Ca2+ concentration inside human umbilical vein endothelial cells was studied separately in cytosol and nucleus by a confocal laser scanning microscopy using fluo‐3. The in vivo calibration curve for cytosol and nucleus showed good linearity between fluorescence intensity and Ca2+ concentration in cytosol ([Ca2+]i) and nuclei ([Ca2+]n). After calibration, [Ca2+]n was constantly higher than [Ca2+]i before and after the chelation of extracellular Ca2+ suggesting an active Ca2+ accumulation system on nuclear membrane. [Ca2+]n was also constantly higher than [Ca2+]i after the stimulation of thrombin (0.05 U/ml), FCS (10%), and thapsigargin (Tsg, 1μM). The temporal change of [Ca2+]n and [Ca2+]i was identical, and [Ca2+]i gradient towards the nucleus and peripheral or central [Ca2+]n rise was observed after these stimulations. From these results, [Ca2+]n is not only regulated by the active Ca2+ accumulation system on nuclear membrane at rest but also the generation of Inositol‐triphosphate. FCS caused heterogeneous [Ca2+]n or [Ca2+]i rise from cell to cell; single spike or oscillatory change of [Ca2+]n and [Ca2+]i was observed in about 56% of cells, which were completely abolished by the chelation of extracellular Ca2+, suggesting that FCS stimulated [Ca2+]n and [Ca2+]i rise solely depending on Ca2+ influx from extracellular medium. The higher concentration of [Ca2+]n and heterogeneous [Ca2+]n rise may have important roles in nuclear‐specific cellular responses.

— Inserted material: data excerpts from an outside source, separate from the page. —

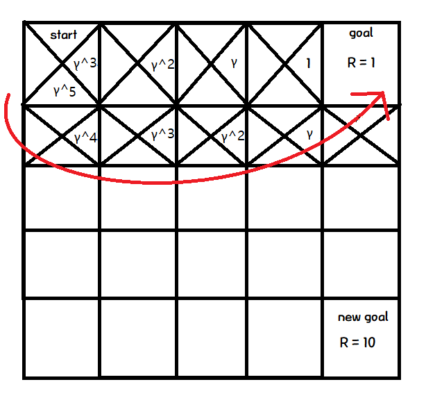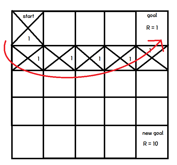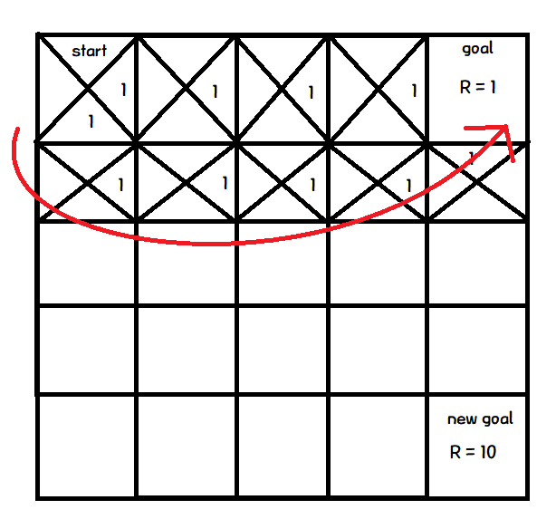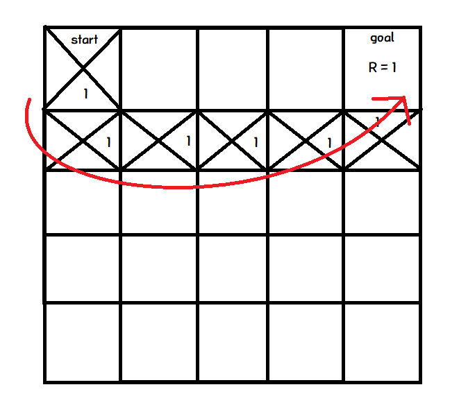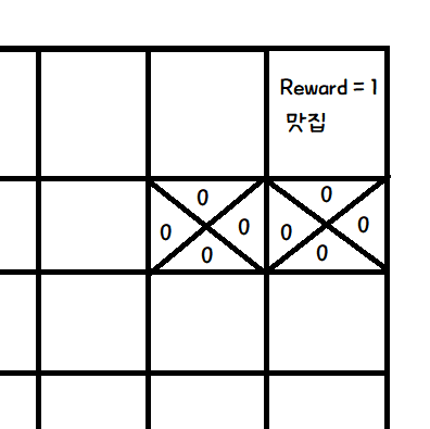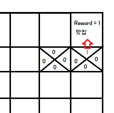 그리고, 목표지점에 다다랐을때, 마지막 action에 Q값을 변경한다.
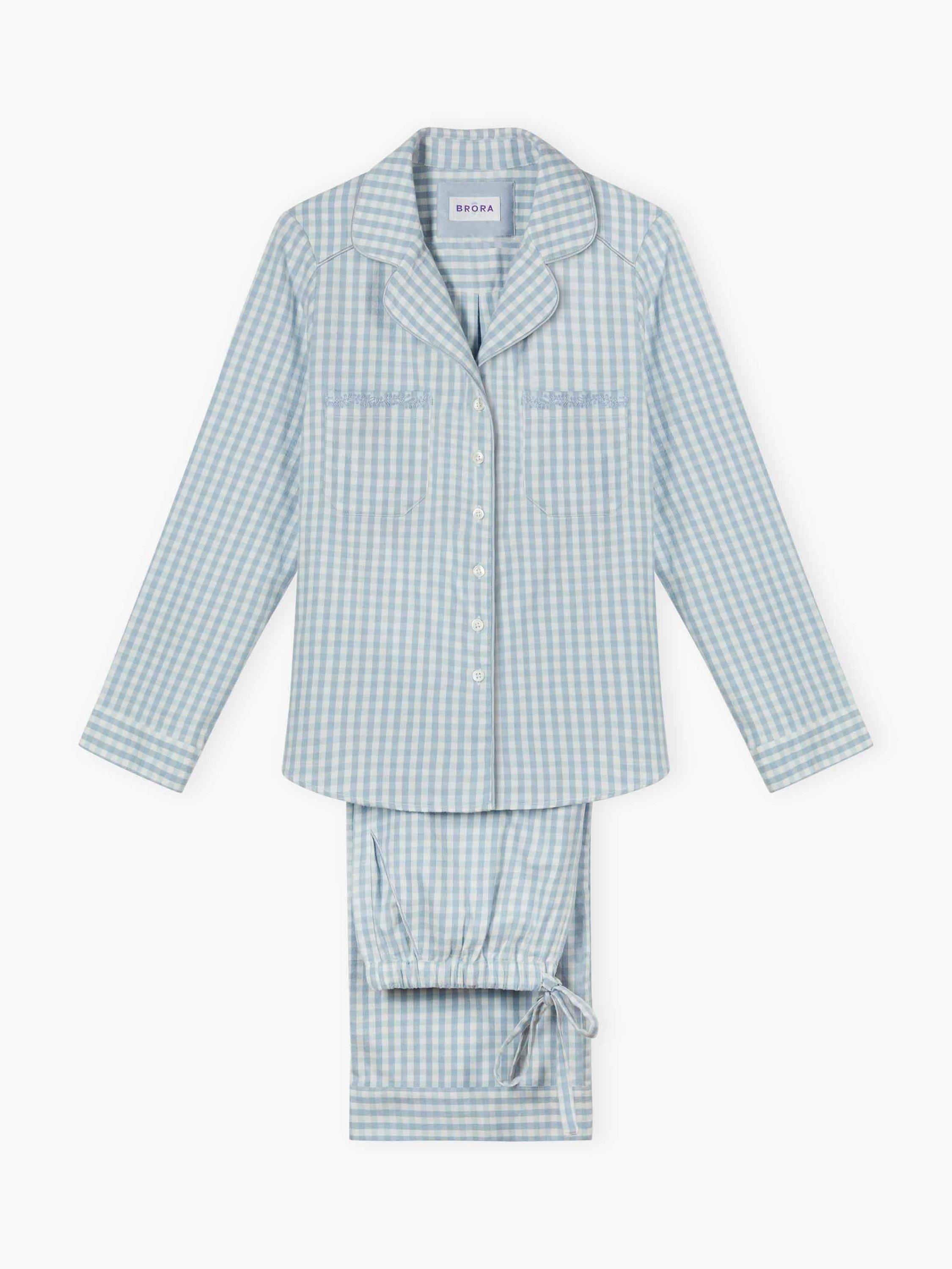 BroraBrushed Cotton Check Pyjama Set, Sky
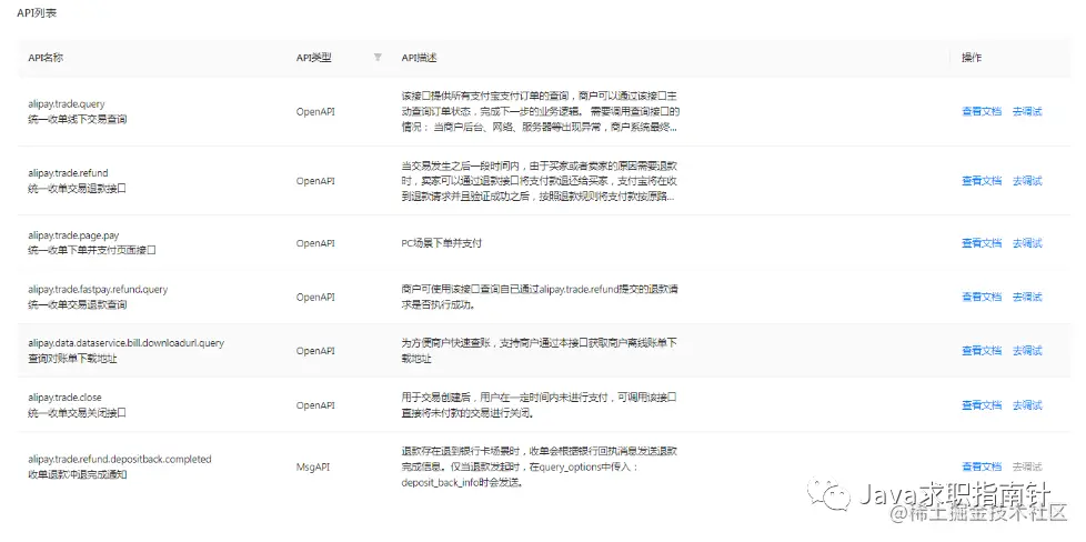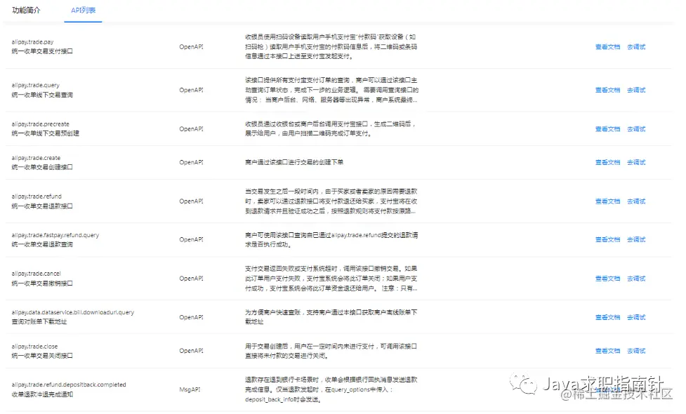 各个接口有在线文档和在线调试的案例,可以自行查看。以其中的统一收单线下交易预创建为例说明:
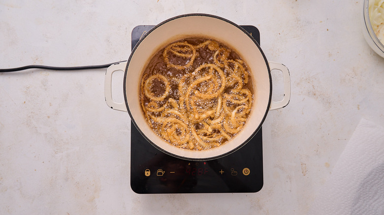 Frying onions is fairly straightforward, but there can be some surprises. Because of its acidity, buttermilk is useful for tenderizing meat. It also works this way for onions — buttermilk helps ensure a tender onion under the crispy coating, softening their flavor and making them sweeter as well. Besides that, it also helps provide a wet base for the flour to stick to. However, you might notice that it can make the onions gummy and gooey. To avoid this, work in small, fist-sized batches, and shake the buttermilk from the onions until they're just tacky enough to dredge. Then, toss in the flour gently and immediately add to the oil.
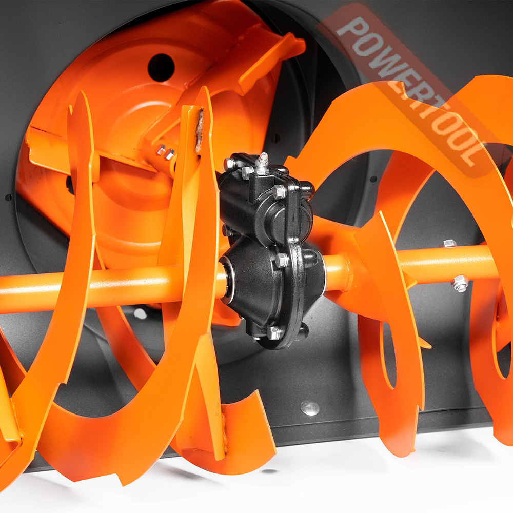 - Усиленный редуктор. Усиленный редуктор в паре со стальными опорами шнека с подшипниками передает до 95 процентов крутящего момента на рабочие узлы сборки и выброса снега. Выходной вал редуктора крепится на подшипниках большого диаметра, что обеспечивает высокую устойчивость механизмов к вибрации и ударам.
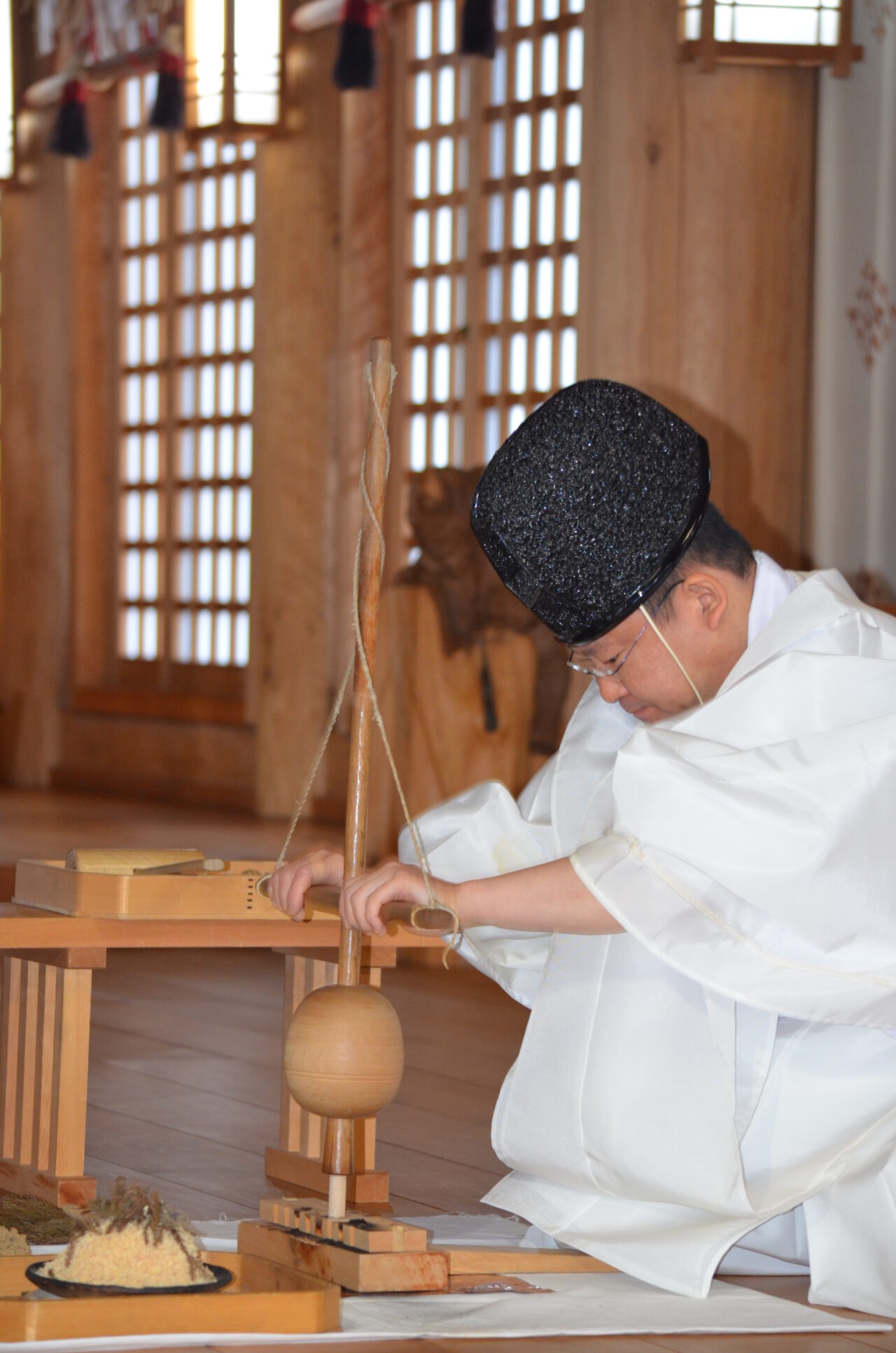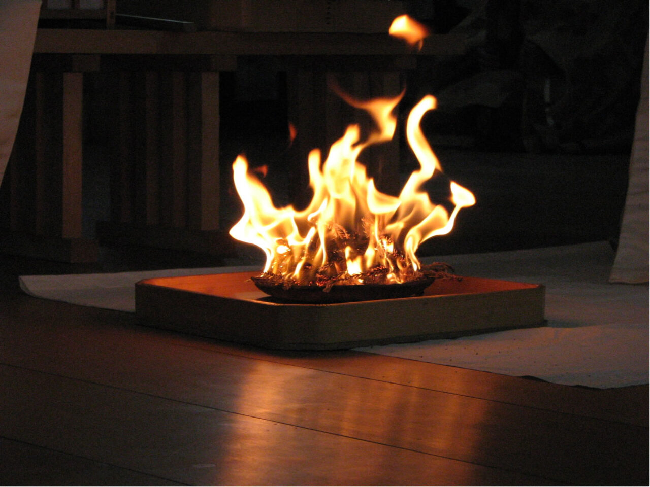 上川神社のどんど焼きでは、まずどんど焼きの前日に「火鑚(ひきり)神事」が行われます。火鑚(ひきり)とは、古来からの火おこしの方法で、木と木をこすり合わせて火を起こすことです。現在でも伊勢神宮をはじめ全国各社で火鑚(ひきり)は行われているそうですが、上川神社の火鑚(ひきり)道具は、特別のご配慮により伊勢神宮から頂いたものなんだそうですよ。
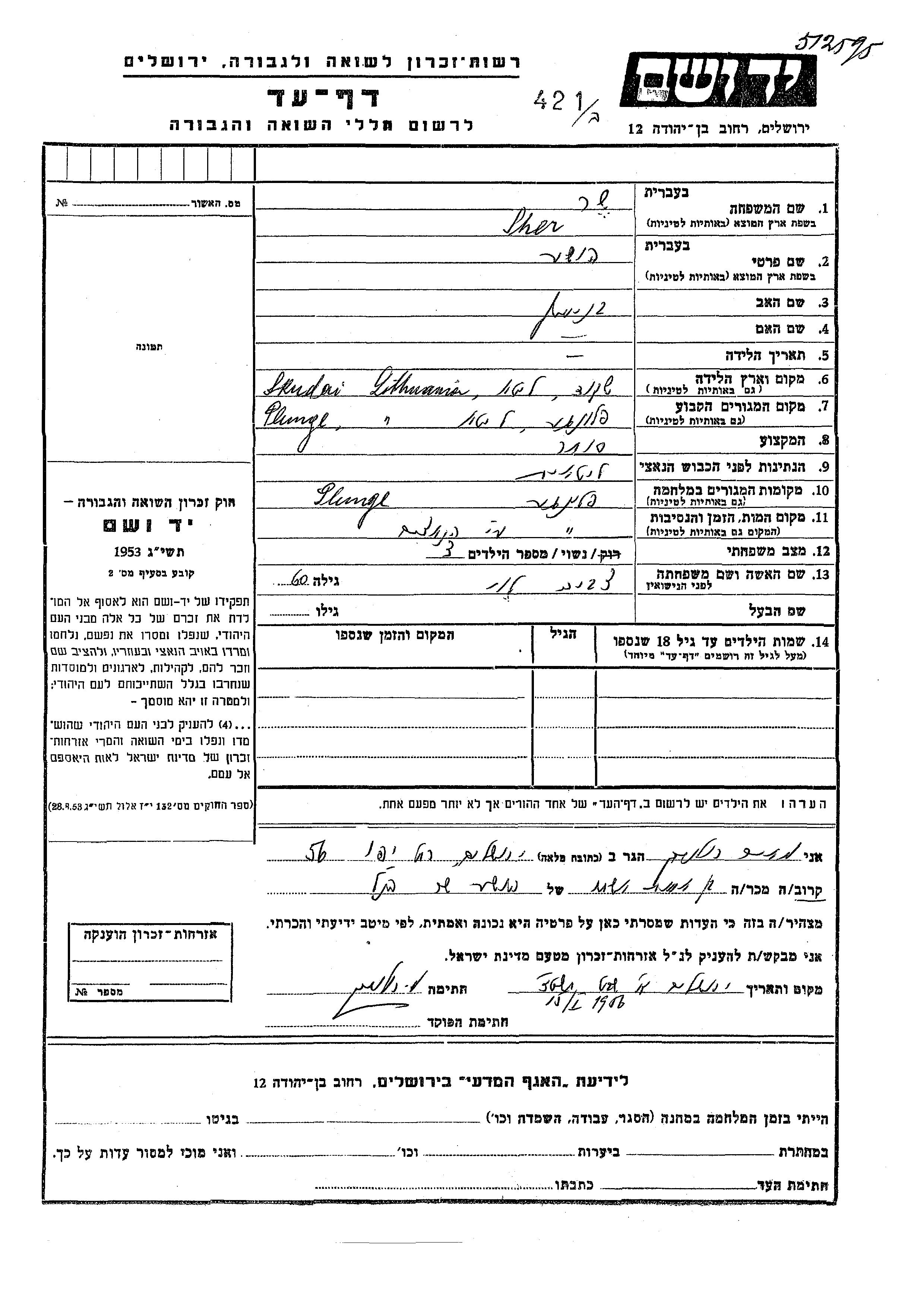 Yad Vashem - Pages of Testimony Names Memorial Collection
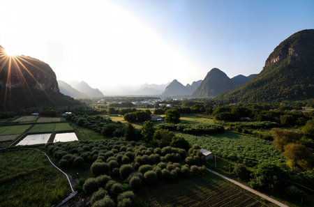 Yangshuo landscape, countryside and sunset scenery
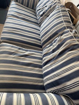 Se venden dos sofás de tela con un diseño de rayas en tonos azul y blanco. - Diseño de rayas clásico. - Tapicería de tela. - Marca Ikea. El de tres plazas mide aprox 210cm y el de dos plazas mide aprox 170 Solo venta en persona, has de recogerlo tu mismo.
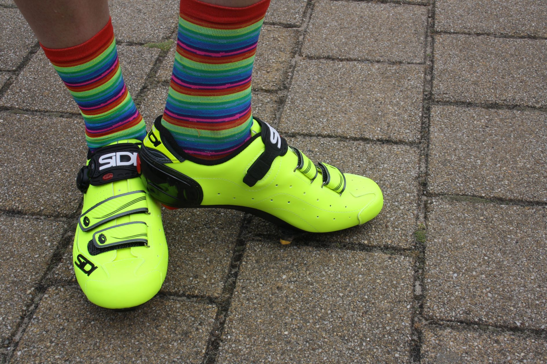 Een nadeel van fluorgeel is dat ze wel snel vies worden.. In combinatie met het comfort, de looks en de stijfheid van de schoen vind ik de Alba echt een goede ‘instapper’, al valt de Alba bijna niet als instapper te categoriseren. Een prijs van €169,95 vind ik namelijk wel aan de hoge kant voor een instapschoen, maar daar krijg je wel flink wat voor terug. Het verstelsysteem met Tecno 3-sluiting en klittenband kan wat mij betreft handiger, maar mocht je je daar écht aan irriteren dan is het een optie om te kijken naar de Genius, Wire of Ergo van Sidi. Daar betaal je dan wel ietsje meer voor. Conclusie: wil je het wielrennen serieuzer gaan aanpakken en zoek je naar een comfortabele doch stijve schoen? Dan is de Sidi Alba een mooie optie! Qua maat valt hij ‘gewoon’ uit, al moet je bij Italianen altijd wel even van tevoren passen.
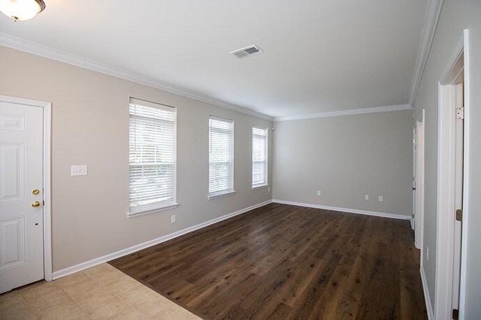 September 23, 2015Was super excited they would take our 60lb dog in the townhouses. Move in was smooth. One door did not shut easily, maintenance fixed it in less than 24 hrs. Cannot hear the neighbors at all. One has a small army of children, the other a large dog. No noise. Community watch drives around at night.Review from Apartments.com
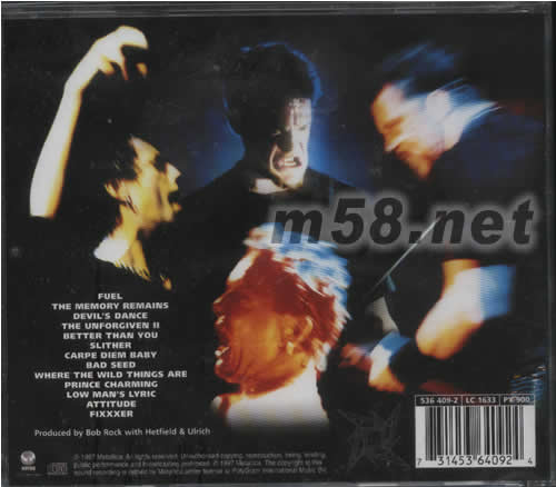 1.FUEL 2.THE MEMORY REMAINS 3.DEVIL'S DANCE 4.THE UNFORGIVEN II 5.BETTER THAN YOU 6.SLITHER 7.CARPE DIEM BABY 8.BAD SEED 9.WHERE THE WILD THINGS ARE 10.PRINCE CHARMING 11.LOW MAN'S LYRIC 12.ATTITUDE 13.FIXXXER
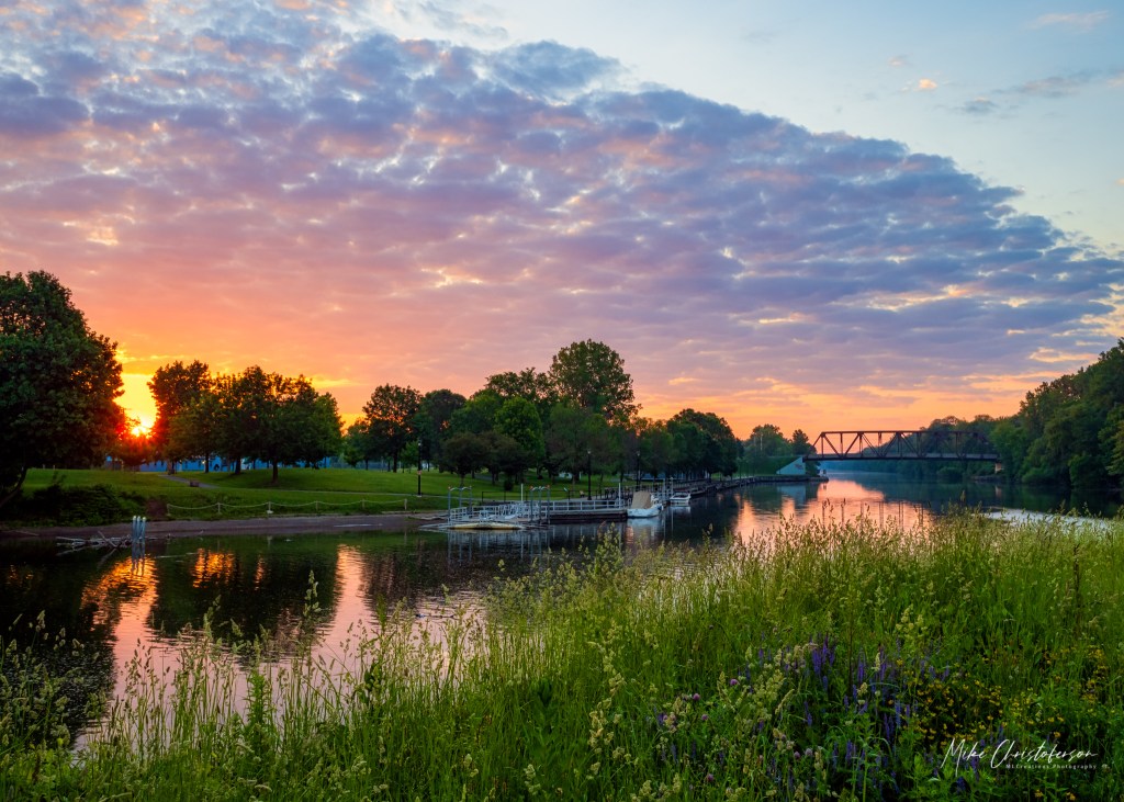 My go to spot for a sunrise image at Bellamy Harbor is gone! It is next to the flow control gate on the Barge Canal. I could go right to the edge, place my tripod and have a clear view of the harbor, the canal, the Mill St. bridge and the sunrise. I’m thinking the city was having problems with unauthorized access to the gates. They put up an eight foot, chain link fence on both sides of the canal.
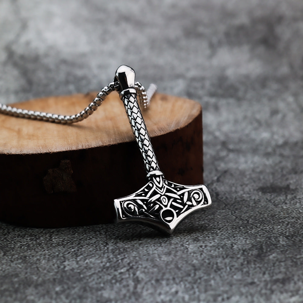 Discover the perfect blend of strength and style with our European and American jewelry wholesale titanium steel pendant men's stainless steel necklace retro Viking Raytheon hammer for men. This exceptional piece from the Planderful collection, named Norse Legacy, is designed for those who appreciate the rich history and craftsmanship of Viking culture.
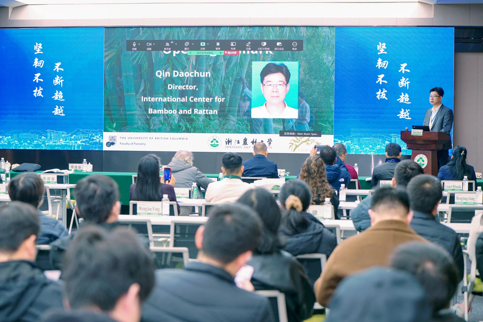 Rob Kozak热情洋溢地欢迎青年科学家参与。他指出AI、遥感、材料创新和生态建模等工具,将定义竹子如何助力碳汇市场、生物经济与气候行动。他鼓励青年科学家们积极提问、分享研究、建立合作,共同推动竹子应用的全球发展,以应对气候变化等挑战。

Simultaneous digital imaging analysis of cytosolic calcium and morphological change in platelets activated by surface contact

The dynamic change of cytoplasmic Ca2+ concentration ([Ca2+]i) and morphological change were investigated simultaneously by confocal laser scanning microscopy using fluo‐3 and by differential interference contrast optics in platelets activated by contact with the following types of surfaces: native glass and glass treated with poly‐L‐lysine (PLL), fibrinogen (Fg), or von Willebrand factor (vWF). The initial [Ca2+]i values just after the surface contact were comparable (approximately 100 nM) among platelets deposited on the four surface types. On the PLL‐surface, no morphological change or [Ca2+]i elevation was observed. Glass‐, Fg‐, and vWF‐surface adhered platelets showed pseudopod formation and spreading associated with the inhomogeneous [Ca2+]i rise. The platelets on the Fg‐surface were the most active in terms of [Ca2+]i rise and morphological change. During pseudopod formation, the mean [Ca2+]i value was maximal and localized high [Ca2+]i zones were observed inside pseudopods, as well as in the center of the platelets. After spreading, high [Ca2+]i zones still remained in the center of the cell. This new technique enabled simultaneous observation of [Ca2+]i and cell shape and we clearly demonstrated a close relationship between [Ca2+]i and morphological alterations.